Единственный кабак Суровцев, до Сдвига насчитывающих двадцать три тысячи населения, а после оного уменьшившихся до четырёх с половиной, назывался незамысловато. "У памятника". Памятник тоже наличествовал, среднехудожественно выполненный барельеф, посвящённый какому-то памятному событию в жизни Суровцев. Надпись, вследствие каких-то уже напрочь забытых перипетий, почти полностью стёрлась, и остались лишь фигуры почему-то пучеглазых персонажей, одетых в шмотки исключительно казённого вида. По поводу пучеглазости, начитанный Книжник однажды проехался остротой, смысл которой заключался в том, что это у них развилось от слишком долгого и пристального вглядывания вдаль, в ожидании лучшей жизни. Других гипотез по смысловой нагрузке памятника никто не выдвигал, и высказывание постепенно прижилось. Правда, трансформировавшись в несколько более короткое название "Глазам своим не верю". Наверно потому, что лучшая жизнь – так и не наступила.

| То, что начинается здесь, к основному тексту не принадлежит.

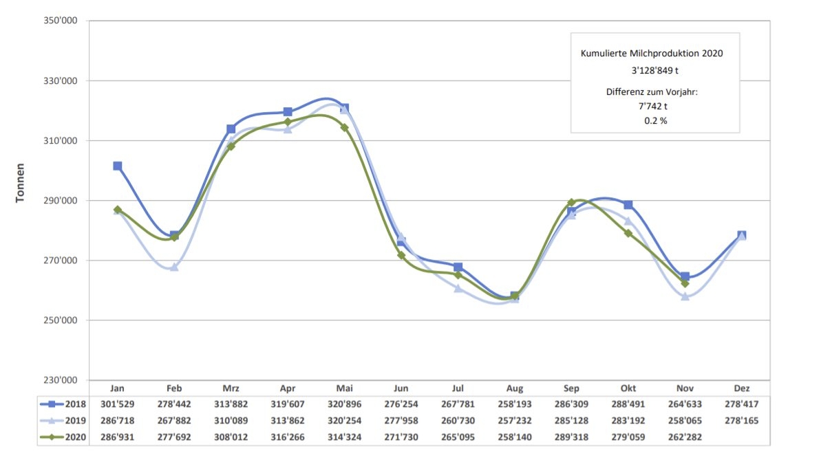 Und die Aussagen der Organisationen wird gestützt durch die Statistik. Die kumulierte Milchproduktion von Januar bis November 2020 betrug 3‘128‘849 Tonnen. Sie lag damit um 7‘742 Tonnen, das sind lediglich 0.2 Prozent mehr als in der Vorjahresperiode. Im November 2020 wurden 262‘282 Tonnen Milch. Gegenüber dem Vorjahresmonat entspricht dies einer Zunahme von 4‘217 Tonnen oder plus 1.6 Prozent.
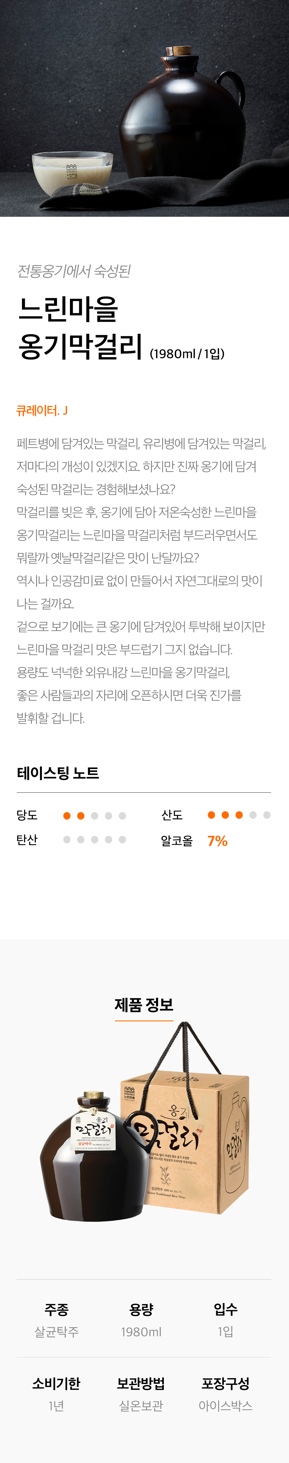 느린마을 옹기막걸리 7도 1980ml 술 선물세트

Памятник стоял задом к кабаку, и поэтому иногда пучеглазость изображённых на нём личностей, приписывали к качеству подаваемых в "У памятника", спиртных напитков. Что тоже не было столь уж жуткой неправдой, но первый вариант, всё же преобладал в умах населения Суровцев.

Друзья заказали по двести граммов сногсшибательной самогонки, изготовление которой курировал сам глава Суровцев, не доверяя столь ответственное дело никому другому. Книжник, которому бесплатно досталась одинаковая со всеми доза, устроился рядом с Лихо, что было невиданным событием, учитывая то, что обычно пытающегося примазаться к коллективному застолью очкарика посылали читать свои опусы бульварного розлива, и не портить себе жизнь вредными привычками.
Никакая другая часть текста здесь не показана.